See also: Peters
Wilhelm Carl Hartwich Peters (or Wilhem Carl Hartwig Peters ) is a zoologist and a German Explorateur , born the April 22nd 1815 in Coldenbüttel, close to Eiderstedt in the Schleswig and dead the April 20th 1883 with Berlin.
Wire of Pasteur, Peters starts, in 1834, its studies of Médecine and Natural history at the university of Copenhagen then to that of Berlin where it will pass the remainder of his career. After being diploma in 1838, it spends eighteen months to work on the ground with Henri Milne Edwards (1800-1885) in the Mediterranean area . On its return to Berlin, he becomes the assistant of the large anatomist Johannes Peter Müller (1801-1858).

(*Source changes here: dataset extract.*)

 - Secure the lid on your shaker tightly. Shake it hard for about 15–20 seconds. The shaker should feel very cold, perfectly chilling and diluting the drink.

He immediately works out the details of a great project, an exploration of the Mozambique, for which he has the enthusiastic support of Müller and Alexander von Humboldt (1769-1859). Peters leaves Berlin in September 1842 and reached the Angola then Mozambique in June 1843. It explores the area during four years and visit in particular, in addition to the interior of Mozambique, Zanzibar, the the Comoros and Madagascar. It also comes to the Cape, mainly to recover from a disease contracted at the time of its excursions. It sets out again finally in Europe in August 1847 via the India and the Egypt. It report/ratio of immense collection and publishes, in 1852 and 1852, in four large volumes, the report of its forwarding under the title of Naturwissenschaftliche Reise nach Mossambique… in den Jahren 1842 (a) 1848 ausgeführt .

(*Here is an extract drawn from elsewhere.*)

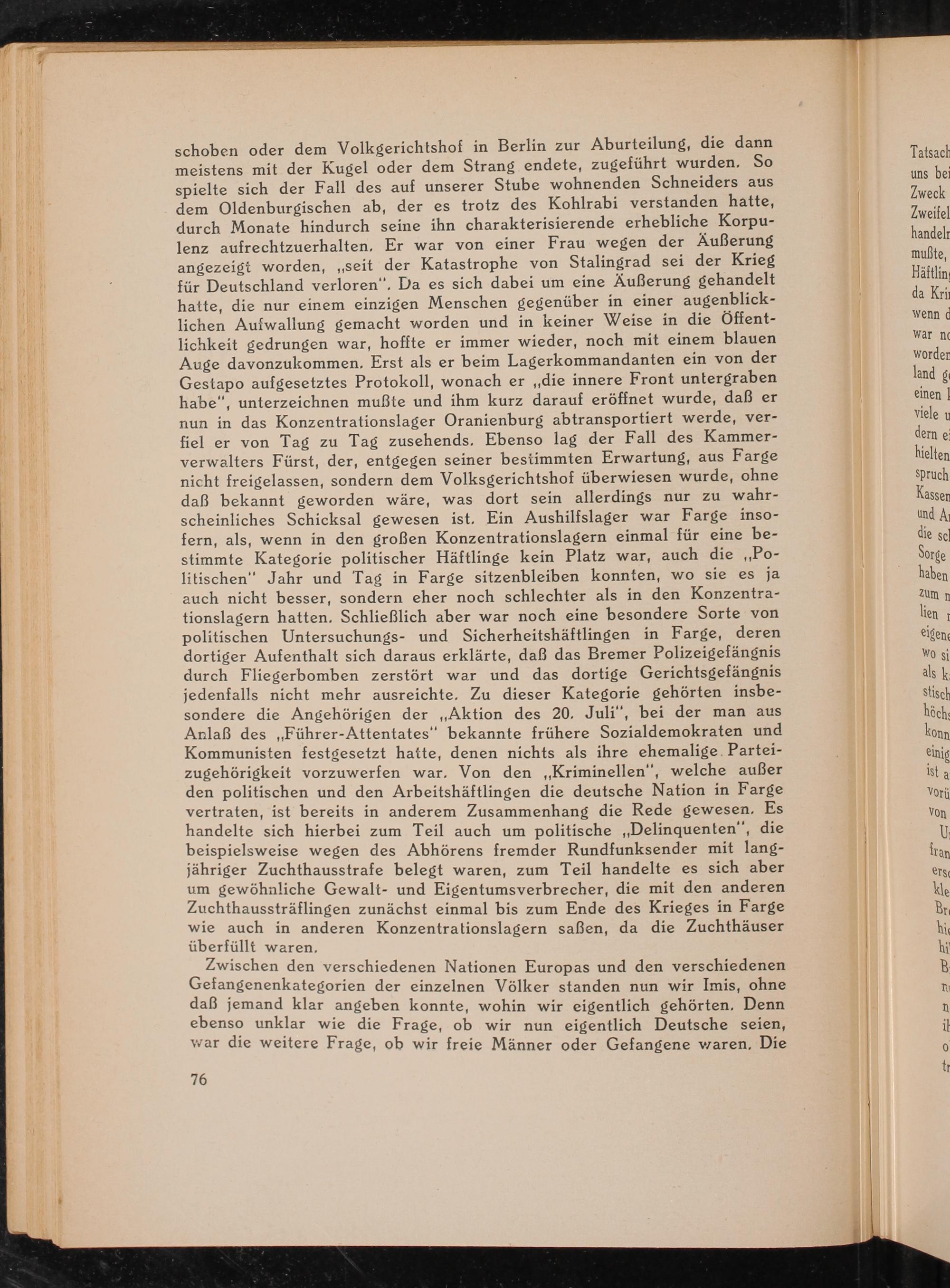 schoben oder dem Volkgerichtshof in Berlin zur Aburteilung, die dann meistens mit der Kugel oder dem Strang endete, zugeführt wurden. So spielte sich der Fall des auf unserer Stube wohnenden Schneiders aus dem Oldenburgischen ab, der es trotz des Kohlrabi verstanden hatte, durch Monate hindurch seine ihn charakterisierende erhebliche Korpulenz aufrechtzuerhalten. Er war von einer Frau wegen der Äußerung angezeigt worden ,,, seit der Katastrophe von Stalingrad sei der Krieg für Deutschland verloren". Da es sich dabei um eine Äußerung gehandelt hatte, die nur einem einzigen Menschen gegenüber in einer augenblicklichen Aufwallung gemacht worden und in keiner Weise in die Öffentlichkeit gedrungen war, hoffte er immer wieder, noch mit einem blauen Auge davonzukommen. Erst als er beim Lagerkommandanten ein von der Gestapo aufgesetztes Protokoll, wonach er ,, die innere Front untergraben habe", unterzeichnen mußte und ihm kurz darauf eröffnet wurde, daß er nun in das Konzentrationslager Oranienburg abtransportiert werde, verfiel er von Tag zu Tag zusehends. Ebenso lag der Fall des Kammerverwalters Fürst, der, entgegen seiner bestimmten Erwartung, aus Farge nicht freigelassen, sondern dem Volksgerichtshof überwiesen wurde, ohne daß bekannt geworden wäre, was dort sein allerdings nur zu wahrscheinliches Schicksal gewesen ist. Ein Aushilfslager war Farge insofern, als, wenn in den großen Konzentrationslagern einmal für eine bestimmte Kategorie politischer Häftlinge kein Platz war, auch die ,, Politischen" Jahr und Tag in Farge sitzenbleiben konnten, wo sie es ja auch nicht besser, sondern eher noch schlechter als in den Konzentrationslagern hatten. Schließlich aber war noch eine besondere Sorte von politischen Untersuchungs- und Sicherheitshäftlingen in Farge , deren dortiger Aufenthalt sich daraus erklärte, daß das Bremer Polizeigefängnis durch Fliegerbomben zerstört war und das dortige Gerichtsgefängnis jedenfalls nicht mehr ausreichte. Zu dieser Kategorie gehörten insbesondere die Angehörigen der Aktion des 20. Juli", bei der man aus Anlaß des„ Führer- Attentates" bekannte frühere Sozialdemokraten und Kommunisten festgesetzt hatte, denen nichts als ihre ehemalige Parteizugehörigkeit vorzuwerfen war. Von den ,, Kriminellen ", welche außer den politischen und den Arbeitshäftlingen die deutsche Nation in Farge vertraten, ist bereits in anderem Zusammenhang die Rede gewesen. Es handelte sich hierbei zum Teil auch um politische ,, Delinquenten ", die beispielsweise wegen des Abhörens fremder Rundfunksender mit langjähriger Zuchthausstrafe belegt waren, zum Teil handelte es sich aber um gewöhnliche Gewalt- und Eigentumsverbrecher, die mit den anderen Zuchthaussträflingen zunächst einmal bis zum Ende des Krieges in Farge wie auch in anderen Konzentrationslagern saßen, da die Zuchthäuser überfüllt waren,

In 1847 it becomes prosector at the Institute of anatomy of the university of Berlin then professor-assistant in 1849. In 1856, he becomes the assistant of the director of the zoological Muséum of the university, Martin Heinrich Karl Lichtenstein (1780-1857). It replaces it with dead of this last and contributes to the enrichment of the collections of the natural history museum which becomes one of most important in the world. Thus, the herpetologic collections triple of volume and pass from 3.700 specimens to 10.500, of a size comparable with those of Paris or London.
He also teaches the zoology starting from 1858 and has a considerable influence. Darwinien convinced, its work is the synthesis of anatomical and zoological research. It publishes nearly 400 articles on the most varied groups, Vertébré S or Invertébré S.
It described astonishing it Lézard by the family of the Xantusiidae, in 1863 with Juan Gundlach.